Other researchers have drawn from different bony indicators to restore what the faces of Einiosaurus and similar dinosaurs would have looked like. While the underlying ornamental structures are still prominent in ceratopsid skulls, the horns, bosses and spikes would have been covered in tough sheaths. Thus, in 2009, Tobin Hieronymus and colleagues used the relationship between facial integument and bone in living animals to reconstruct the extent of skin and horn on ceratopsids. While the preservation of the Einiosaurus material frustrated their efforts to detect all the skin and horn structures on the skull, Hieronymus and colleagues confirmed that the nasal horn was covered in a tough sheath and that Einiosaurus had large, rounded scales over the eyes. Artists can’t simply stretch skin over the dinosaur’s skull in restorations–the bone itself shows the presence of soft tissue ornamentation that rotted away long ago.

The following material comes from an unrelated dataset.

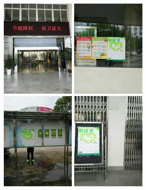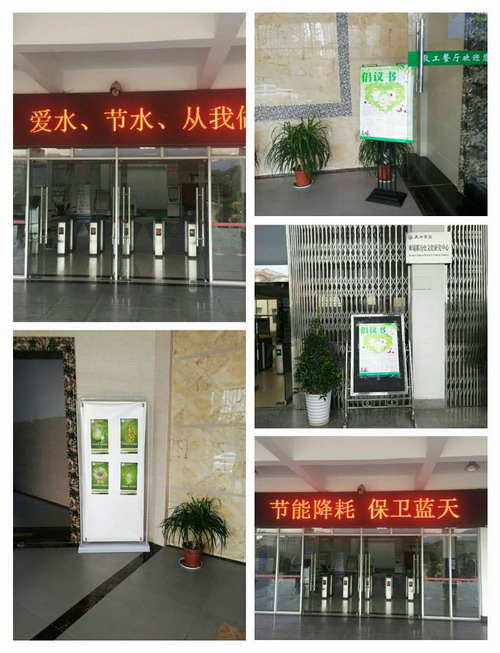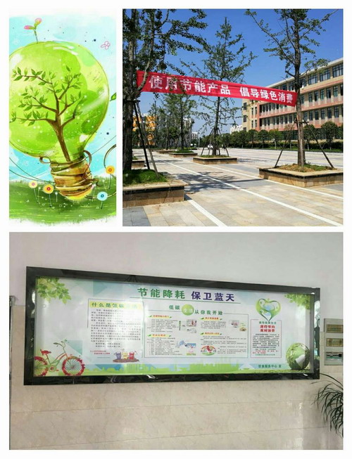 在校节能减排工作领导小组的组织下,各校区主干道、学生食堂、图书馆、行政楼等师生集中处都张贴了节能降耗倡议书、宣传画、悬挂了宣传条幅,并利用宣传橱窗、电子显示屏、校园网站等校内媒体做了大量宣传,取得了良好的成效。

As with most dinosaur species, we still know relatively little about the biology of Einiosaurus. We are limited to what is preserved in the rock, the technologies at our disposal and the state of paleontological theory. All the same, Einiosaurus is much more than a pretty face. The dinosaur was part of a rich, complex Cretaceous ecosystem, and one in a cast of billions in earth’s evolutionary drama. To me, at least, that is the most entrancing aspect of paleontology. We have only barely begun to plumb the depths of dinosaur diversity, and researchers will continue to introduce us to new species at a breakneck pace, but the true wonder and joy of paleontology lies in pursuing questions about the lives of animals we’ll sadly never observe in the flesh.

References:

Hieronymus, T., Witmer, L., Tanke, D., Currie, P. 2009. The facial integument of centrosaurine ceratopsids: Morphological and histological correlates of novel skin structures. The Anatomical Record 292: 1370-1396

Reizner, J. 2010. An ontogenetic series and population histology of the ceratopsid dinosaur Einiosaurus procurvicornis. Montana State University master’s thesis: 1-97

Rogers, R. 1990. Taphonomy of three dinosaur bone beds in the Upper Cretaceous Two Medicine Formation of northwestern Montana: evidence for drought-related mortality. PALAIOS 5 (5): 394–413.

Sampson, S. 1995. Two new horned dinosaurs from the Upper Cretaceous Two Medicine Formation of Montana; with a phylogenetic analysis of the Centrosaurinae (Ornithischia: Ceratopsidae). Journal of Vertebrate Paleontology 15 (4): 743–760.